Until someone can point me in the direction of a section chapter 721 of the Florida statues, and explain how Disney violated that section, and how that violation effected them......
721.52 is the section that provides some definitions.
8) "Vacation club" means a multisite timeshare plan. However, notwithstanding any other provision of this chapter, the use of the term "vacation club" by a person or entity as part of a company, brand, or product name shall not, in and of itself, subject the person, entity, or product being offered to the provisions of this part unless the product offered otherwise meets the definition of a "multisite timeshare plan" as defined in subsection (4).
4) "Multisite timeshare plan" means any method, arrangement, or procedure with respect to which a purchaser obtains, by any means, a recurring right to use and occupy accommodations or facilities of more than one component site, only through use of a reservation system, whether or not the purchaser is able to elect to cease participating in the plan.
Any resale owners that can’t trade in or out of Riviera are not actual members of a “vacation club” as defined above and should not be marketed as such is my interpretation.
When I read the clause about the word vacation club, IMO, it is simply saying that using the word vacation club in and of itself, does not fall under this statute unless it is in conjunction with a multi site timeshare plan.
For example, I can create Sandi’s Vacation Club in which all members pay a fee to have one person organize trips for them. My use of the word vacation club does not “subject me as a person to the provisions of this part of the statue” because my vacation club is not a multi site timeshare plan.

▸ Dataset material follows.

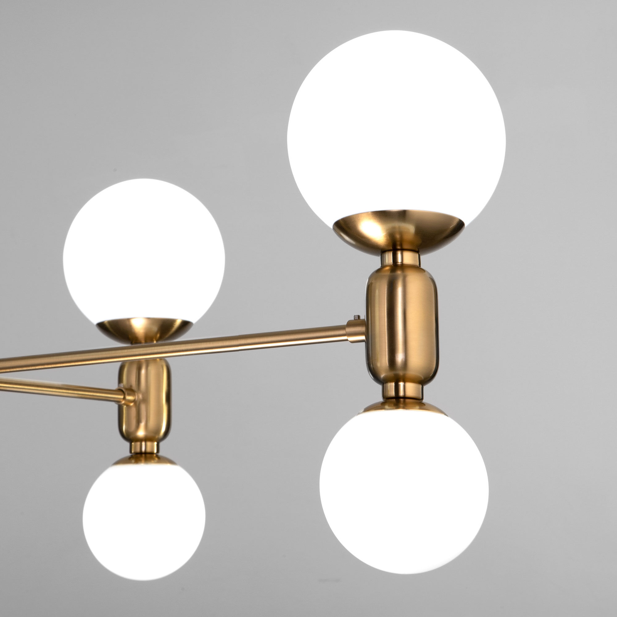 <p><strong>Подвесная люстра Bubble в цвете латунь&nbsp;</strong>&ndash; это выразительное сочетание геометрических форм и лаконичного дизайна. Круглые плафоны белого цвета разных диаметров формируют мягкий равномерный свет. Светильник рассчитан на 8 сменных ламп. Люстра Bubble добавит уникальную атмосферу в интерьер спальни, гостиной или кухни.</p> <ul> <li>Высота подвеса регулируется</li> <li>2 цоколя &ndash; Е27 для верхних плафонов с диаметром 150мм, G9 &ndash; для нижних с диаметром 110мм.</li> <li>Коллекция Bubble представлена в пяти разных цветах: черный жемчуг, белый, черный, золото, латунь.</li> </ul>

Owners of RIV can indeed trade through the program as long as they have qualified points. FL timeshare law does not require that resale owners must be given the same rights as those who purchase direct from a developer The statute is for the developer and rules they must follow, includes guidance in what language must be in the POS in terms of resale.
The POS of each timeshare plan is what sets the rules for resale The POS for RIV restricts resale owners from exchanging their points with BVTC…but it does not restrict them from using II or RCI when we traded with that.
The argument by others is that the
DVC resort agreement of the O14 state that new resorts BVTC decides to associate as another DVC resort must have a DVC resort agreement that is substantially similar to those…that wording doesn’t seem to be there for RIV.
Because there are changes for resale owners, some believe that means it’s not..but it is exactly the same for direct and resale owners who Owned prior to RIV
Since the original language of the O14 is substantially similar, it comes down to whether you believe that restricting access to RIV by resale buyers as of January, 2019, makes it different enough when the rest is all the same to be in violation of the contract.
The DVC resort agreements do give BVTC the ability to set the rules and alter them along the way. The POS also allows for changes. So, is the change between O14 DVC resort agreements and the RIV resort agreement in conflict with the contract? Some think yes…some think no.
The POS is referring to your home resort and all owners, resale or direct, including resale RIV are members of the club at their own resort.
ETA: The other aspect that some have questioned is whether RIV can be considered a component site of a multi site timeshare plan (like DVC) when it’s trading rights are not the same for all owners.. All the FL statue says is that a multi site temshare plan is simply a group of sites that allow owners to use the other sites through a reservation system. RIV certainly seems to meet that standard.
The ability to trade through BVTC has nothing to do with being a club member.